Graphic design programs usually come with two auto-kerning options: Metrics (or Auto) and Optical. 

In Photoshop, InDesign, or Illustrator, you can find these included in the Kerning dropdown in the Character panel.

The Metrics setting uses the font’s built-in kern pairs, spacing the letters as the font designer specified in the font file. Many suggest using this option rather than Optical, especially when working with professional fonts.

The Optical setting overrides the built-in kern tables and adjusts the spacing between adjacent letters based on their shapes, using an algorithm.

Optical can also be used to automatically kern text that includes different typefaces.

However, any of these two options can still leave you with oddly-spaced letters. 

The human eye can be extremely reliable when it comes to kerning. Additionally, manual kerning gives you the most control. 
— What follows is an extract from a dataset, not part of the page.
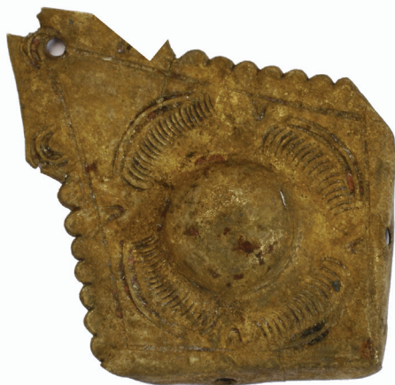
Slika 7.2. Benediktinska opatija sv. Mihočila na Rudini . Okov ugla korica knjige ukrašen cvjetnim motivom. Gradski muzej Požega, inv. broj 12.028.

Za ovu prigodu izdvajamo kao analogiju nalazu okova ugla knjige iz sv. Lovre primjerak pronađen u depou Gradskog muzeja u Požegi koji potječe s položaja Rudina (sl. 7. 1), 4 koji je identičan onom ranije objavljenom iz refektorija benediktinske opatije (Tomičić, 2009., str. 771, sl. 10. 2) 5 . Radi usporedbe, donosimo ga i ovom prigodom ilustriranog (sl. 7. 2). Riječ je u oba slučaja o okovima ukrašenim motivom četverolatičnog cvijeta u sredini kojega je umbilik, tj. kružno izbočenje. Uokolo cvjetnog motiva nalazi se trapezoidni obrub koji na duljim stranama omeđuju nizovi polukružnih izbočenja. Na kraćim bočnim stranicama obruba

You can definitely see the difference when you overlay the results of these three kerning methods.

9. Kerning for Web Designers Does Exist

If before, kerning text was considered a matter of static design, once the internet gained popularity, web designers needed to kern too.

The CSS kerning property, font-kerning, controls whether or not the kerning parameters built in a font will be used or not. 

There are three values for it:

  • Font-kerning—auto. This is the default, where the browser determines whether kerning is applied or not.
  • Font-kerning—normal. Font kerning is applied.
  • Font-kerning—none. Font kerning is not applied.

Also, the plugin Kerning.js gives you more kerning options, such as setting a custom distance between a specific kern pair.

Controlling kerning for websites is still more difficult than for static design, but progress is being made towards a more visual approach to it.

10. Practice Makes Perfect

Like with most things, the key to mastering kerning is practice.

When going about your day, pay attention to logos, banners, magazine headlines, posters, street name signs, etc. 

You can train your eye to recognize bad kerning, but beware—it’s as much a blessing as it is a curse.

Image source

Conclusion

If you’re looking for something more hands-on, try this fun kerning game, called Kerntype

You are given ten words to kern. The first and last letters are stuck in place, so you can only move the other letters. 

Once done, you can compare each of your answers to those of a master typographer and see how well you’ve done.

Last but not least, use our tips to practice kerning on your own designs, and you’ll get the hang of it in no time.

We hope you now get a better understanding of what is kerning and how to apply it efficiently. Good luck!